I tend to fixate: The Grey Album, not hiphop, The Waves, not Woolf, and the Oderquelle, the Oderquelle. I first visited the restaurant in 2001 when a friend was scouting restaurants for her wedding reception. We were immediately charmed by the mixed clientele (Prenzlauerberg hipsters sharing a long table with four old men playing cards) and the stylish but utterly unselfconscious interior.
Margaret did end up having her reception at the Oderquelle, and I fondly remember savouring the venison steak in their snug pale-teal side room. In the years that followed, I've been there with every friend who's ever come to visit, my now-husband and I had our first date there, on special request they put my two favourite dishes on the menu when I celebrated turning 27, and even brought us plates for the brownies David had made.
Why I'm so obsessed? First, the menu changes daily, and the moment a new delicacy cycles into season they spotlight it, but don't just go through the motions. Germans are obsessed with asparagus, for example, and in the spring you see signs everywhere proclaiming Spargelzeit (Time for asparagus!). Most of the Spargel menus are the same dreary march through asparagus with hollandaise, asparagus with hollandaise wrapped in a handkerchief of ham, etc. Oderquelle's take, on the other hand, would be roasted asparagus stalks, blistered with mahogany patches and briefly dunked in a butter-lemon allusion to hollandaise.

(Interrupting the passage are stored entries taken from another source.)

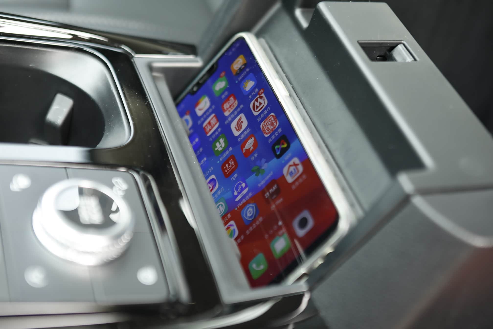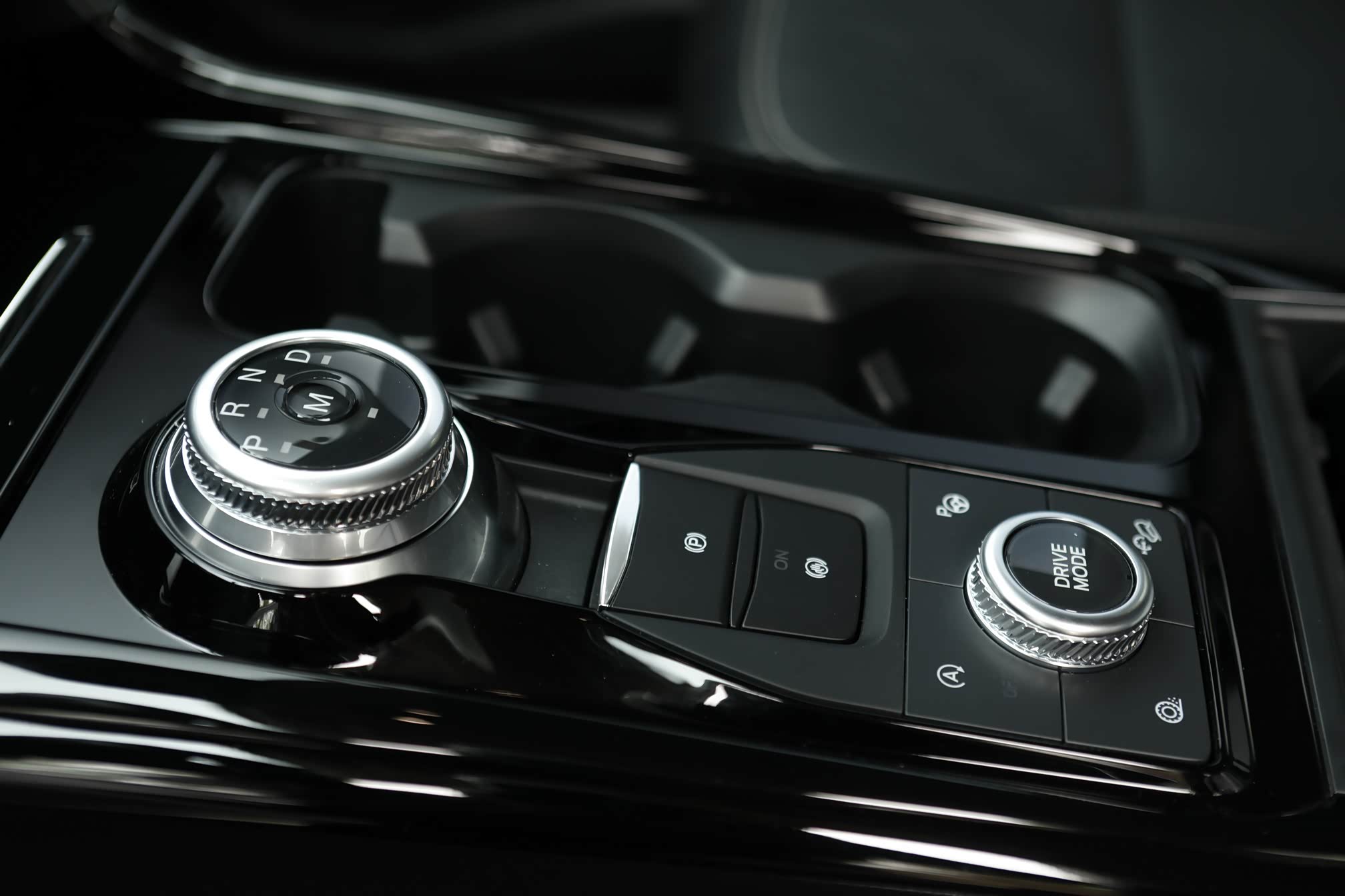 中央通道的布局也是相当紧凑,各个功能的排列井然有序。换挡模式和驾驶模式转换都是旋钮式的,旁边是两个带氛围灯的杯架,前方的卡槽可以摆放手机,后面可以手机无线充电。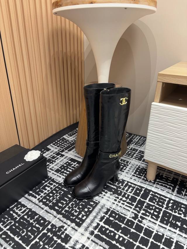 秋冬新款chane*小香金属扣粗跟短靴 长靴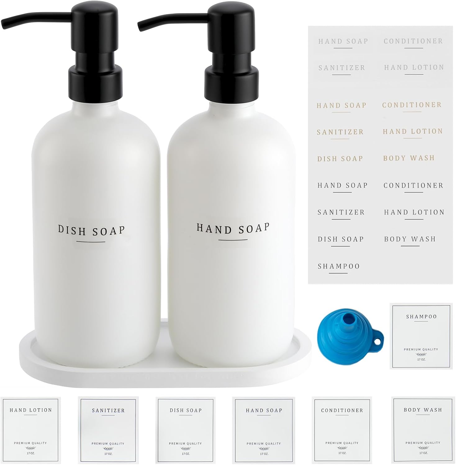 • A practical and aesthetically pleasing addition to your home: This soap dispenser set contains 2 reinforced hard glass bottles with sleek and stylish stainless steel pump heads for your liquid soap; hand soap, dish soap, hand lotion, body wash, shampoo, conditioner labels, 1 silicone funnel, 1 waterproof non-slip tray, this set has transformed mundane routines into moments of indulgence and style.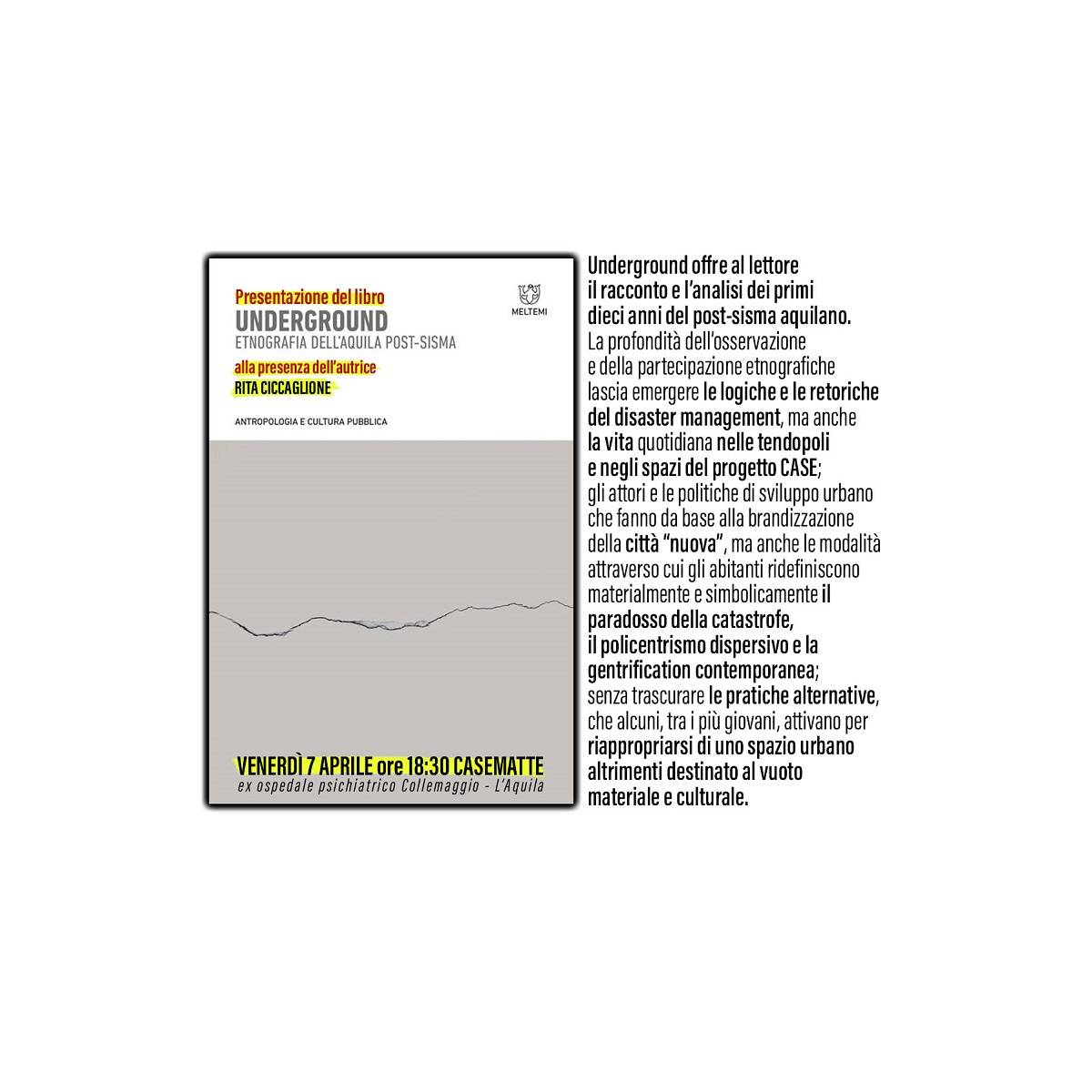𝗩𝗲𝗻𝗲𝗿𝗱𝗶̀ 𝟳 𝗮𝗽𝗿𝗶𝗹𝗲 𝗱𝗮𝗹𝗹𝗲 𝗼𝗿𝗲 𝟭𝟴:𝟯𝟬 CaseMatte ospiterà la presentazione del volume “𝗨𝗻𝗱𝗲𝗿𝗴𝗿𝗼𝘂𝗻𝗱. 𝗘𝘁𝗻𝗼𝗴𝗿𝗮𝗳𝗶𝗮 𝗱𝗲𝗹𝗹’𝗔𝗾𝘂𝗶𝗹𝗮 𝗽𝗼𝘀𝘁-𝘀𝗶𝘀𝗺𝗮” alla presenza dell’autrice 𝗥𝗶𝘁𝗮 𝗖𝗶𝗰𝗰𝗮𝗴𝗹𝗶𝗼𝗻𝗲.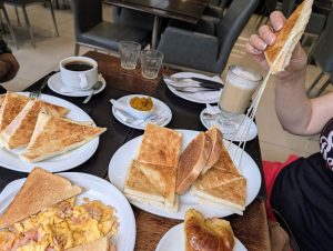 Pausat, our favorite coffee house, doesn’t open until 4:00pm on Saturdays, so we went to La Pasiva instead. They had a good breakfast deal: 860 pesos ($22.42) for two people, and included your choice of coffee (including espresso drinks), small glass of orange juice, scrambled eggs with ham, ham & cheese grilled cheese sandwiches, toast, and sweet croissants. After breakfast we went to a comic book shop, then picked up our fluffed and folded laundry.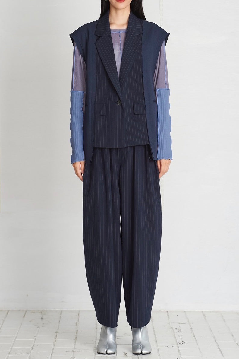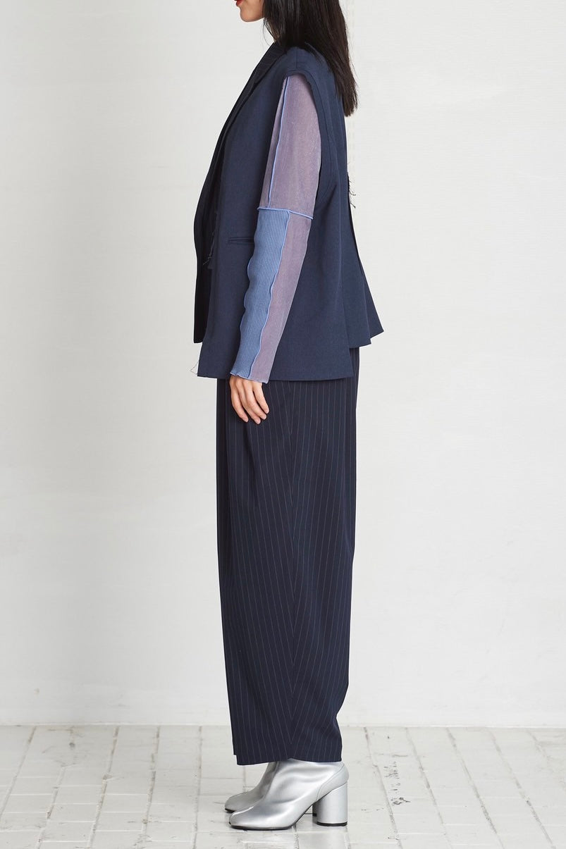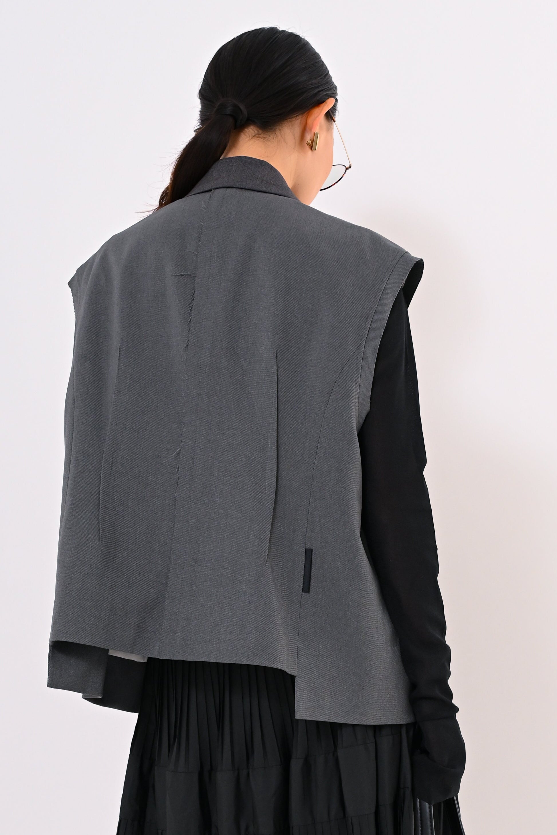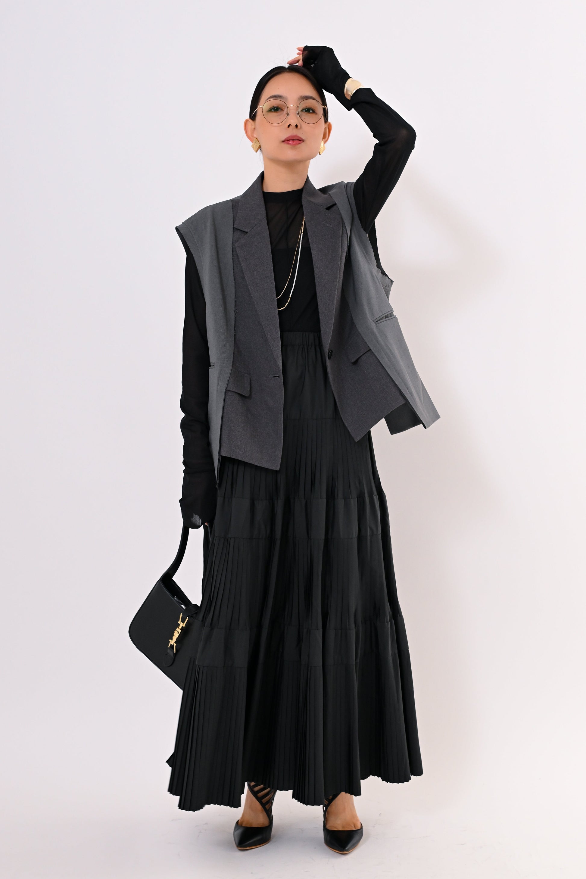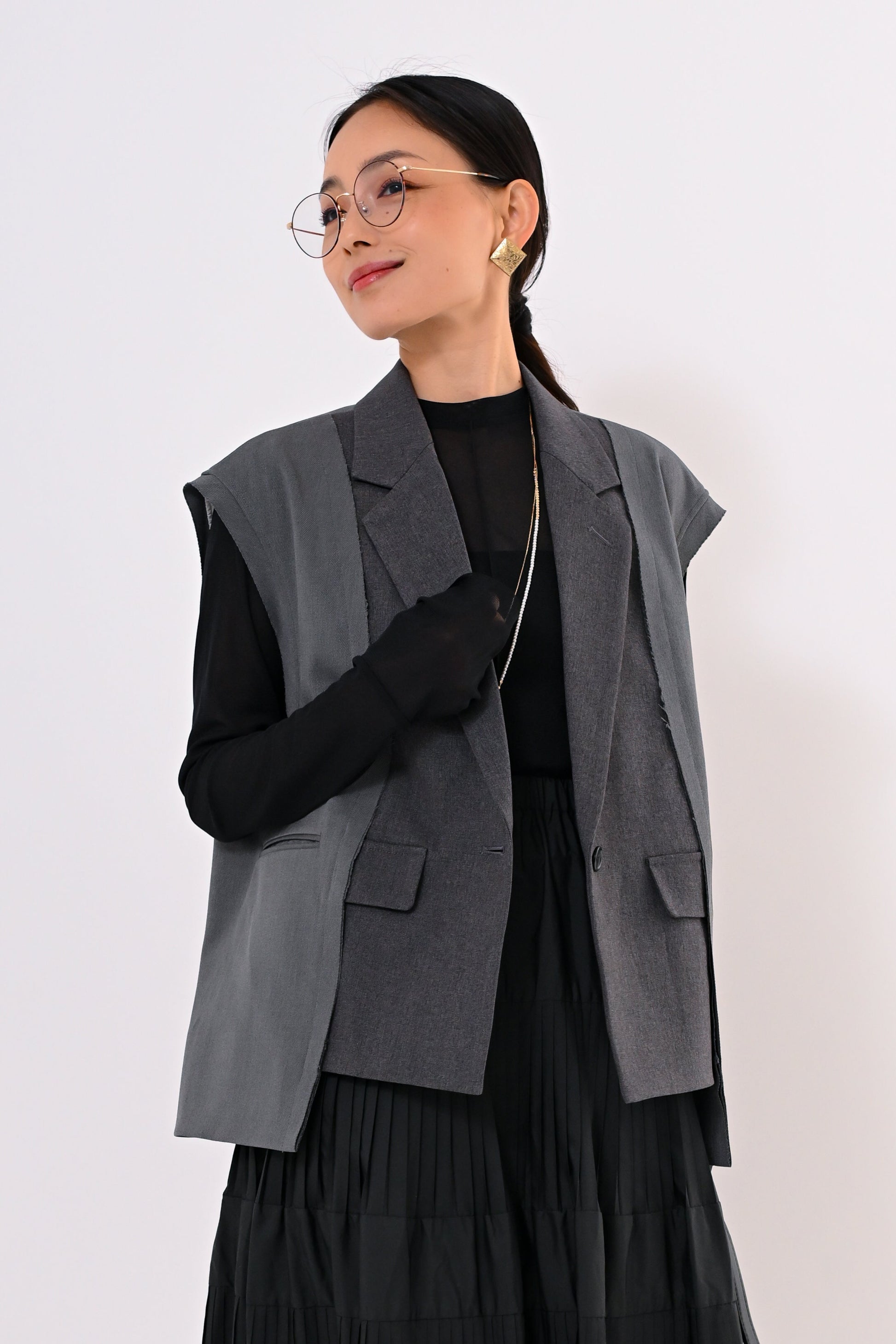シャープなVネックラインと一つボタンのシンプルなデザインに加え、サイドに切り替えを施し、立体感とモードなアクセントをプラスしました。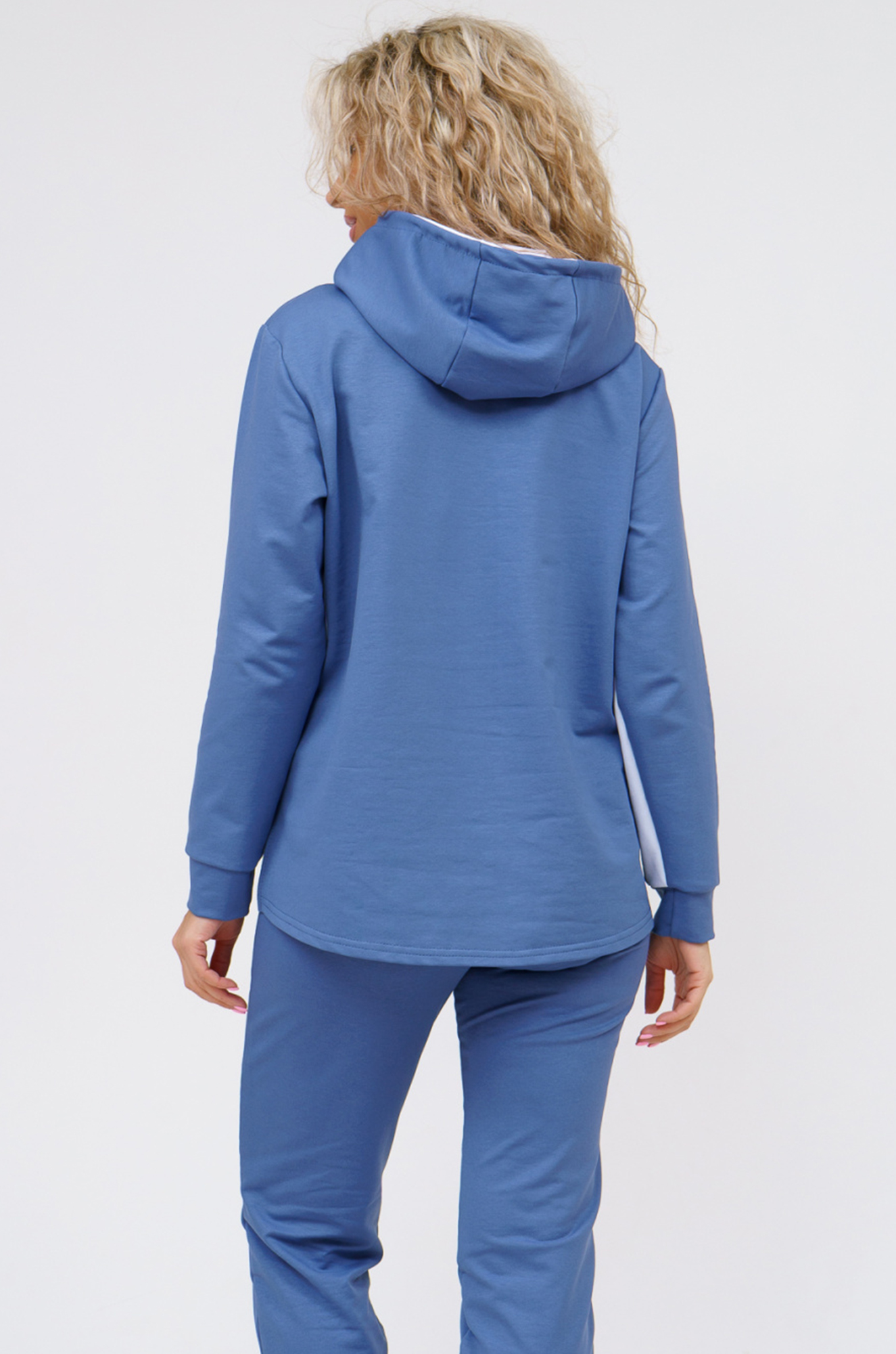 Удобный женский костюм спортивного кроя подойдёт и для дома и для прогулок в парке. Толстовка комбинированная, с контрастной горизонтальной вставкой и с капюшоном. Рукава и нижняя часть полочки на манжете, спинка удлинённая. Внизу по бокам небольшие разрезы. Брюки прямого кроя, с боковыми карманами, пояс на широкой резинке.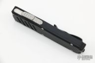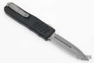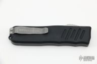 Add a state of the art OTF automatic to your rotation with the RECON-035 from Guardian Tactical. This RECON model is built with a stonewashed double edged blade and a black anodized handle. Guardian Tactical's patented OTF mechanism provides smooth, responsive opening action. The unique thumb slide design is separated from the aluminum handle by a steel plate and 3 ceramic balls that eliminate grinding and wear. An innovative locking mechanism sits off to the side of the blade channel so it doesn't drag against the blade when opening and closing. These features eliminate the friction on the blade and button that have always plagued OTF knives. Take your OTF game to the next level with the Guardian Tactical RECON-035. Features: Anodized aluminum handle is compact and lightweight for durable everyday carry. Innovative OTF mechanism offers fast and smooth opening action for responsive tactical deployment. Item includes a stainless steel pocket clip for secure tip-down carry. Comes with original box. #5062. Has some light scuffs and scratches on the frame, otherwise excellent condition.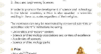 The Mustafa Prize, a top science and technology award, is granted biennially to the top researchers and scientists of the Islamic world in four categories: “Life and Medical Science and Technology”, “Nanoscience and Nanotechnology”, “Information and Communication Science and Technology”, and “Basic and Engineering Sciences”.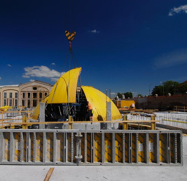 Building the educational centre and planetarium at the centre of Pilsen presented a huge challenge: it required designing and producing formwork for two domes measuring seventeen and nine metres in diameter. Additional solutions for constructing the building and the connecting bridge were needed as well.

Second, vegetarians are only very seldom fobbed off with a could-have-made-it-myself pasta variant; crisp delicate vegetable strudel or olive-studded mashed potatoes gratineed with Appenzeller are more the order of the day. Carnivores are just as well served with a range of German and new European options: crisp pork loin in a cumin sauce with glazed red radish and potato dumplings, for instance, or rumpsteak with a marrow crust and a side order of potato rösti topped with Italian ham.
The wine list is reliable and unshowy, and I, ever the temperate drinker, am grateful for the chance to sample good German, French, Italian or Spanish wine for 2 or 3 Eur for a 0,1 l (3.5 oz) glass. The service is unpretentious but efficient, and they inevitably have great music playing. (And finally – strictly for me – it's just the right distance from our flat: a brisk twenty-minute walk through the park, the perfect length for a post-prandial stroll to digest and reflect on how exactly they made the parsnip lace garnish so crisp.)
Oderquelle, Oderbergerstraße 24, 10435 Berlin (map)
(030) 4400 8080 (Reservations are a good idea, but they can usually fit people in at the bar.)
I'd just like to add that the Flammkuchen are very nice if you don't fancy any of the daily specials, or if you just feel like a snack.